Data extracted from a collection
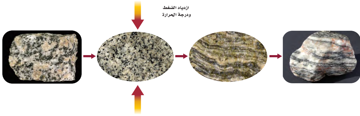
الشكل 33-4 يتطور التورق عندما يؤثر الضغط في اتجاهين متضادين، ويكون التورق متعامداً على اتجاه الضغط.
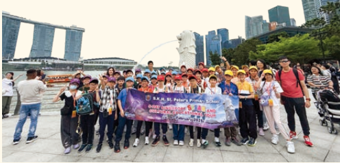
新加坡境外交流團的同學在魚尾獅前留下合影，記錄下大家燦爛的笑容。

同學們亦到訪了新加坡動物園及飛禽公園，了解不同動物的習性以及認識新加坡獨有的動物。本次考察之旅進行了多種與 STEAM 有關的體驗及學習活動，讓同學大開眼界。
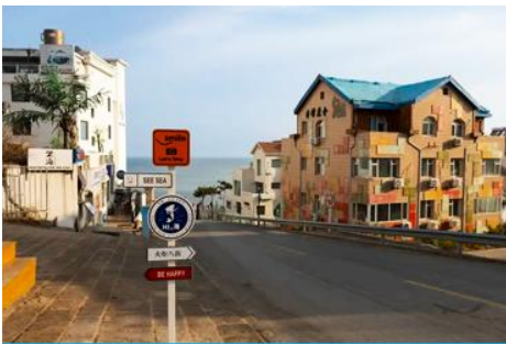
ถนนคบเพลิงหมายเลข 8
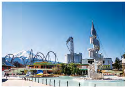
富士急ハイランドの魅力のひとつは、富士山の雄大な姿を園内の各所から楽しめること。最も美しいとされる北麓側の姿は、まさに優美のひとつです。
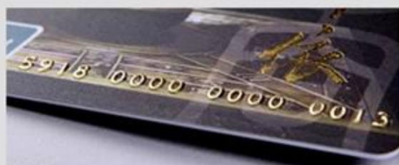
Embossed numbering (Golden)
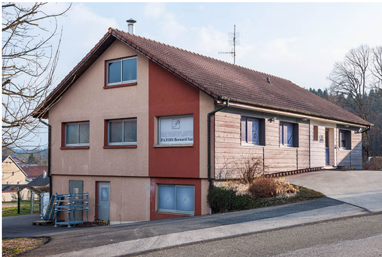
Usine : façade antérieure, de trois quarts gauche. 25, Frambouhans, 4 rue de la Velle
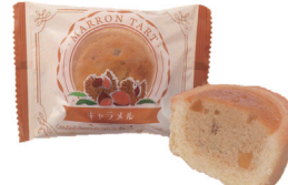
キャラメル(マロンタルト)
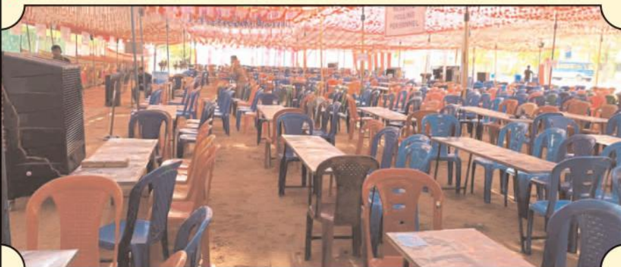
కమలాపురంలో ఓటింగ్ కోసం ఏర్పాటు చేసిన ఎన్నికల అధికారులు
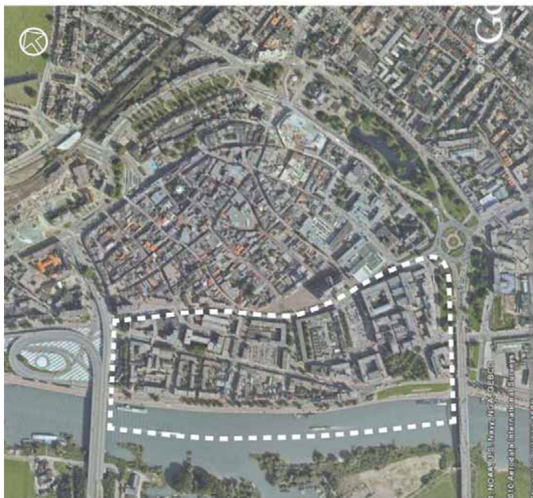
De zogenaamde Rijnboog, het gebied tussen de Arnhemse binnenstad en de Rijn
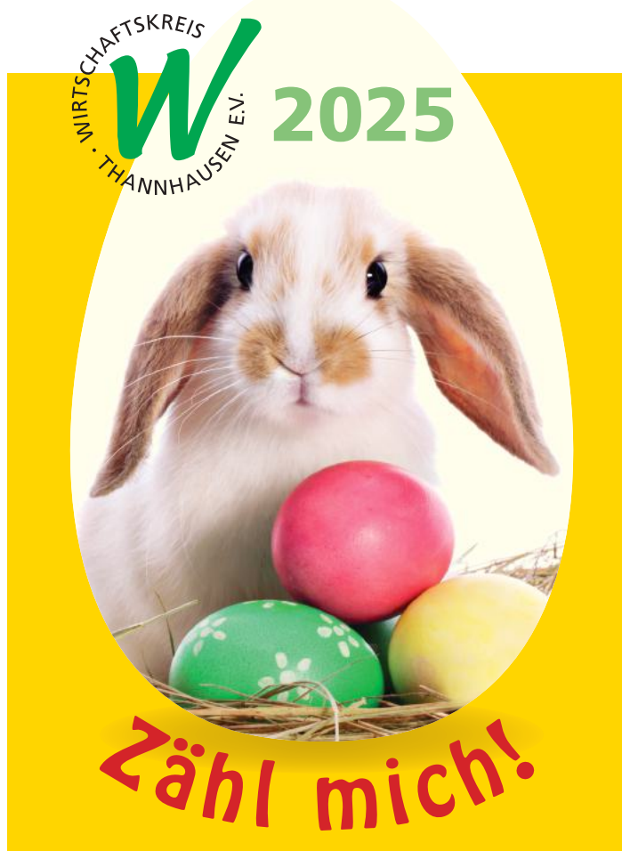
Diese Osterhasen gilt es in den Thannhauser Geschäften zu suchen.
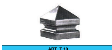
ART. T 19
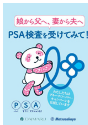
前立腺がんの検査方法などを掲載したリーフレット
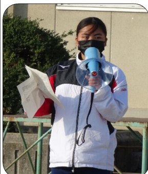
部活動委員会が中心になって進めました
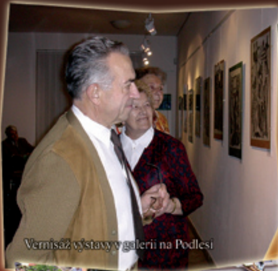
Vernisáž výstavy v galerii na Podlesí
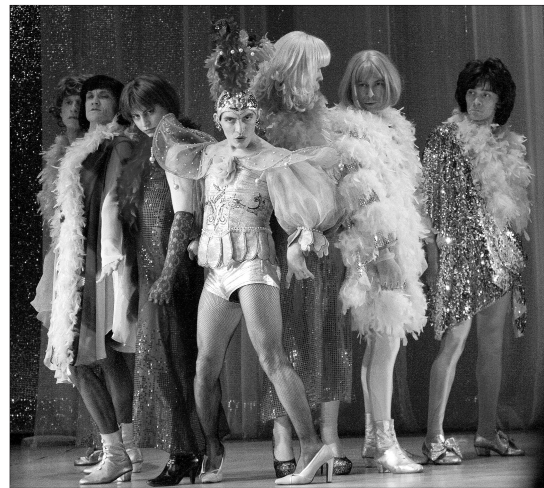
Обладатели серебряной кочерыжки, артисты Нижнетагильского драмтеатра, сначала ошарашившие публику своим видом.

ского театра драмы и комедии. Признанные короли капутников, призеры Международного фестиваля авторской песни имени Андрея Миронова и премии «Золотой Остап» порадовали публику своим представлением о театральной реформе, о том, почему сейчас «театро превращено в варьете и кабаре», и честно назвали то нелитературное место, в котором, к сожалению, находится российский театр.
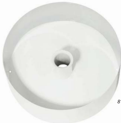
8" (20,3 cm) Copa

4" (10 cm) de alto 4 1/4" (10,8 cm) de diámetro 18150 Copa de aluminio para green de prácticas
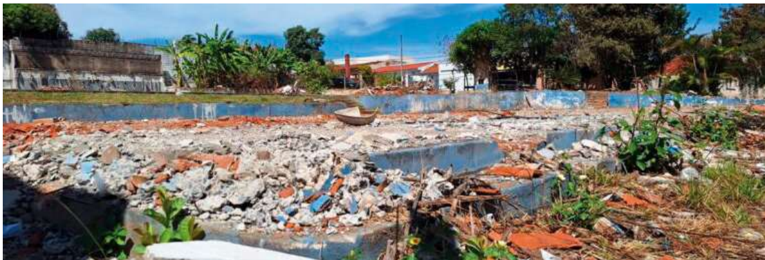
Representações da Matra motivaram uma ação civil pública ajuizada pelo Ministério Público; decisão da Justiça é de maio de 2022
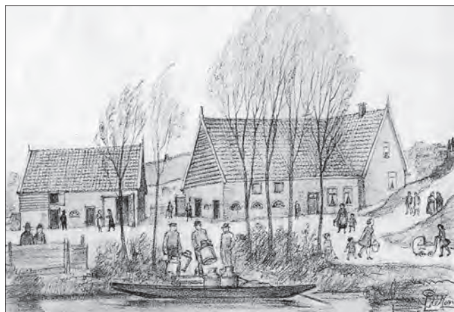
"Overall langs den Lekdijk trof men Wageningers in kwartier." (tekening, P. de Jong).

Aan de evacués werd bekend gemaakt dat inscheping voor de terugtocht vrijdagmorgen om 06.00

* Description of the task *
Nothing but the lines from the one holding "(20,3 cm) Copa" through the final line of the entries should be retyped, exactly as they stand and without pictures.

* The answer *
8" (20,3 cm) Copa

4" (10 cm) de alto 4 1/4" (10,8 cm) de diámetro 18150 Copa de aluminio para green de prácticas
Representações da Matra motivaram uma ação civil pública ajuizada pelo Ministério Público; decisão da Justiça é de maio de 2022
"Overall langs den Lekdijk trof men Wageningers in kwartier." (tekening, P. de Jong).

Aan de evacués werd bekend gemaakt dat inscheping voor de terugtocht vrijdagmorgen om 06.00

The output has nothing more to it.